Hotellerie

10'000 Hotels klagen gegen Booking
Über 10'000 Hotels aus mehr als 30 Ländern, darunter gegen 400 Hotels aus der Schweiz, haben beim zuständigen Gericht in den Niederlanden eine Sammelklage gegen die Buchungsplattform Booking eingereicht. Koordiniert wird das Verfahren von der Stiftung Hotel Claims Alliance, unterstützt durch nationale Verbände wie HotellerieSuisse und den europäischen Dachverband Hotrec.
Im Zentrum der Klage stehen die sogenannten Paritätsklauseln, die Booking jahrelang in Verträgen mit Beherbergungsbetrieben verankerte. Diese verpflichteten Hotels dazu, auf keiner anderen Plattform – nicht einmal auf der eigenen Website – bessere Preise oder Konditionen anzubieten.
Die Klage fordert Schadenersatz für den Zeitraum von 2004 bis 2024. Erste Schätzungen gehen davon aus, dass betroffene Hotels bis zu 30 Prozent der gezahlten Provisionen zuzüglich Zinsen zurückfordern könnten. Die Teilnahme ist für die Betriebe kostenlos – die Finanzierung übernimmt ein Prozessfinanzierer, der im Erfolgsfall einen Anteil der Summe erhält.
Abhängigkeit ist gross
Der Verband HotellerieSuisse spricht von einem längst überfälligen Schritt, die Paritätsklauseln hätten den Direktvertrieb massiv behindert und den Wettbewerb verzerrt. Es sei höchste Zeit, diesen Schaden rückwirkend zu adressieren.
Zudem habe Booking durch die Klauseln künstlich hohe Provisionen von teilweise über 20 Prozent des Zimmerpreises durchsetzen können – zulasten der Hotelbetriebe. Auch GastroSuisse unterstützt die Klage ausdrücklich.
Ungeachtet der Klage bleibt Booking der wichtigste Vertriebskanal für viele Betriebe.
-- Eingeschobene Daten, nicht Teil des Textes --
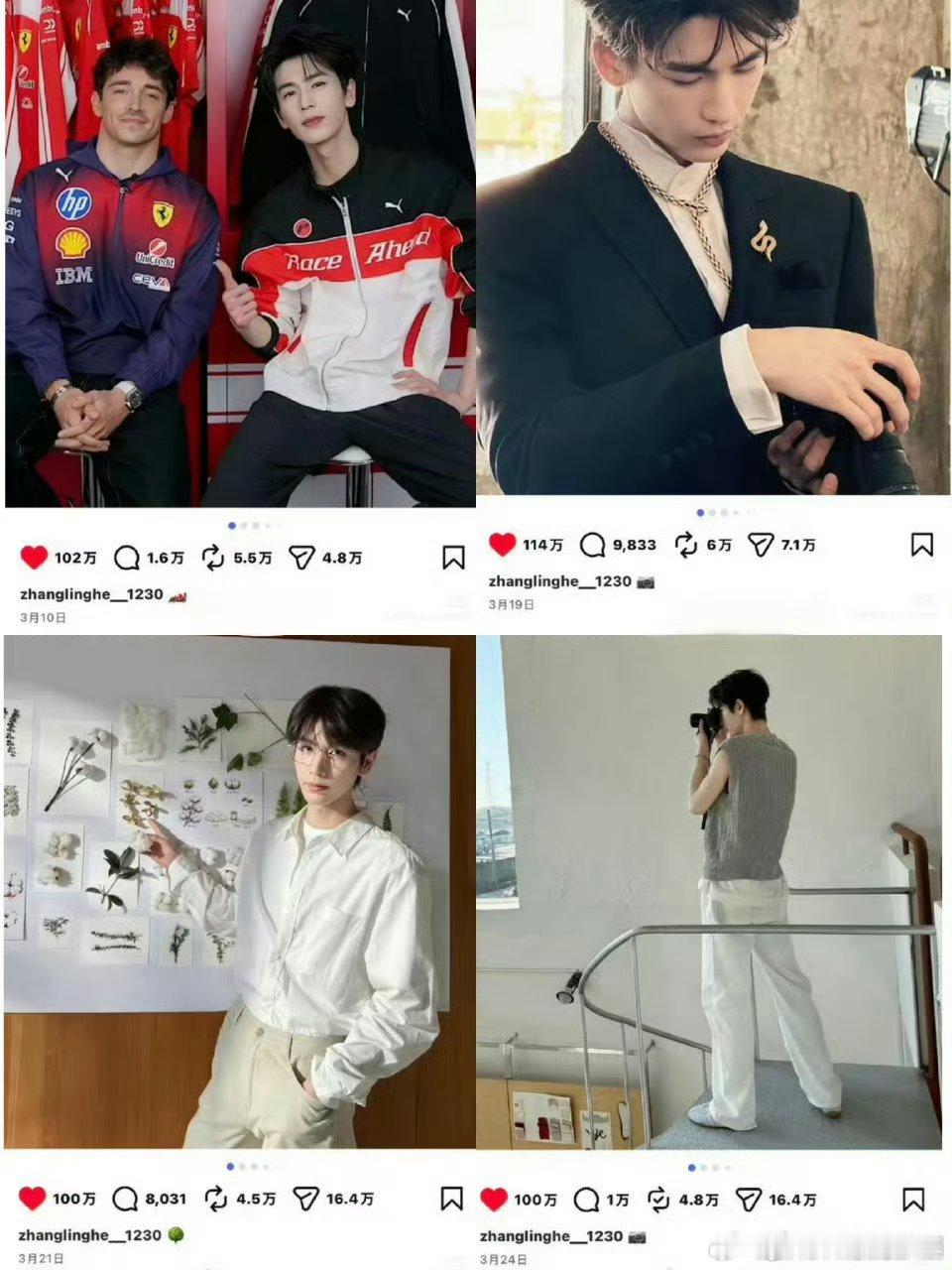 逐玉庆功宴真要来了张凌赫 ins 20小时破百万赞!第五个百万赞了!逐玉庆功宴真

In der Schweiz werden laut HotellerieSuisse rund ein Viertel der Buchungen über Onlineplattformen abgewickelt – davon der Löwenanteil über Booking.
Zudem zeigt eine Umfrage unter Schweizer Betrieben von März 2025: Probleme wie intransparente Rabattaktionen, sogenannte Undercutting-Strategien oder der fehlende Zugang zu Kundendaten bestehen weiterhin und erschweren den Aufbau direkter Kundenbeziehungen.
Mit der Sammelklage will Europas Hotellerie aufzeigen, dass digitale Dominanz kein Freipass für unfairen Wettbewerb ist. Der Prozess könnte zum Präzedenzfall werden – mit potenziell milliardenschweren Auswirkungen für Booking, so die Hoffnungen der Branche. HotellerieSuisse ruft weitere Betriebe zur Teilnahme auf, die Frist läuft noch bis zum 29. August 2025.
Rückwirkend? Ehrlich?
Erstaunlich ist, dass die Hotelbranche Forderungen stellt für einen vermeintlichen Schaden, der sie in den letzten total 20 Jahren erlitten haben soll. Irgendwo auf der Strecke bleibt der Umstand, dass Booking einzelnen Hotels in dieser Zeit zu weltweiter Präsenz und grossem Marketingpower verholfen hat.
Wie will das Hotel Bären in Wilderswil Gäste aus Belgien und Südkorea anpeilen? Mit eigenen Marketingbemühungen? Wohl kaum. Die Präsenz auf Booking ermöglicht eine weltweite Präsenz. Und die hat halt ihren Preis.
Verständlich wäre, dass die Hotelbranche die Spielregeln für die Zukunft ändern möchte. Aber gleich die zurückliegenden 20 Jahre einzufordern?
Ebenfalls auf der Strecke bleibt der weitere Umstand, dass sich viele Hotels lange um einen schlauen Online-Auftritt foutiert haben und auch die Verbände mit eigenen Buchungsportalen nie recht vom Fleck kamen – und dass man sich dann halt gerne unter die Flügel der grossen Portale begab, um präsent zu sein.